Theatre Royal Drury Lane, London
I liked 42nd Street when I saw it last year but I can’t say that I truly loved it, it felt a 24-carat production of a gold-plated show. But upon revisiting, to celebrate Bonnie Langford’s arrival in the company for its final furlong before closing in the New Year, some kind of magic seems to have happened at the Theatre Royal Drury Lane (or maybe I was just less grumpy) as it has now matured into something spectacular.
The only major difference is Langford’s presence as Dorothy Brock, but there’s just something about her that shimmers with star quality and it is contagious. So even as she’s trying to dampen it down a bit as this particular fading star, her comic timing makes her scenes crackle with electricity, her singing is on point and she’s just a dream to watch. It’s a perfect role for her – who needs stunt casting when you have the right casting? And as for her surprise appearance in the finale? SWOON!
I also felt Clare Halse has really settled into the role of Peggy Sawyer. It’s a curious role in that she grows to become the leading lady of this musical as the understudy-come-good, but is given precious little time in which to do so and most of that is taken up with dance. Such amazing dance though, she really is effortless in her every graceful move, and she’s acting more through every movement too as her self-belief slowly blooms into the incandescent life of the finale.
Ashley Day, another (relative) newcomer to the cast, also impresses as the suavely confident Billy, and a shout-out too to Graeme Henderson as dance director Andy who also really has got some moves.
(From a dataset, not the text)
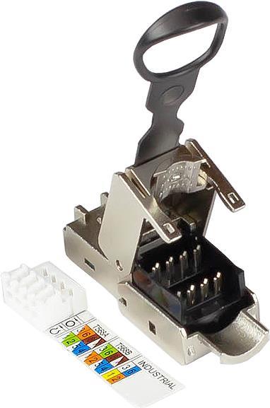 RJ45 Stecker Cat. 6A, werkzeuglos / feldkonfektionierbar, STP geschirmt, Metall, Easy Pull-Out, Good Connections®

Randy Skinner’s choreography is a thing of wonder when there’s this many bodies delivering it in perfect synchronicity (credit to associate choreographer Kelli Barclay and resident choreographer Simon Adkins for keeping them on top of things). From that opening scene, to the mirrored sequence, to those glorious steps of the finale, this is what we mean when we say ‘they really put on a show’.
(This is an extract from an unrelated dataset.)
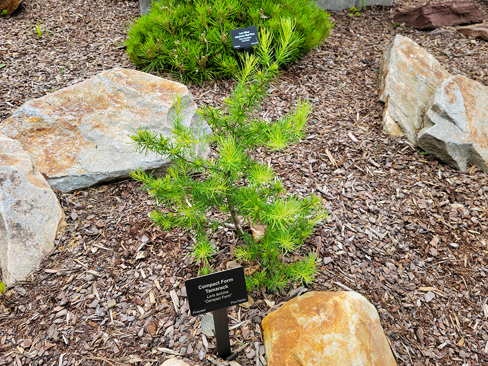 Laurel Hill East’s small garden features a collection of “dwarf” and “miniature” conifers. Unlike large coniferous trees and shrubs, dwarf conifers grow only 1-6 inches per year and miniature conifers grow less than 1 inch per year.

In Douglas W Schmidt’s lavishly sumptuous set designs and under Peter Mumford’s dazzling lights, Mark Bramble’s production just all works, somehow so much better than before. MD Jae Alexander keeps Harry Warren’s score sunny and bright, the cast clearly know how to work Bramble and Michael Stewart’s book to their advantage but above all, there’s no loss of the sense of genuine spectacle to the whole affair. I don’t know long it will be until we ever see a production this size again, don’t miss your chance to see this one now.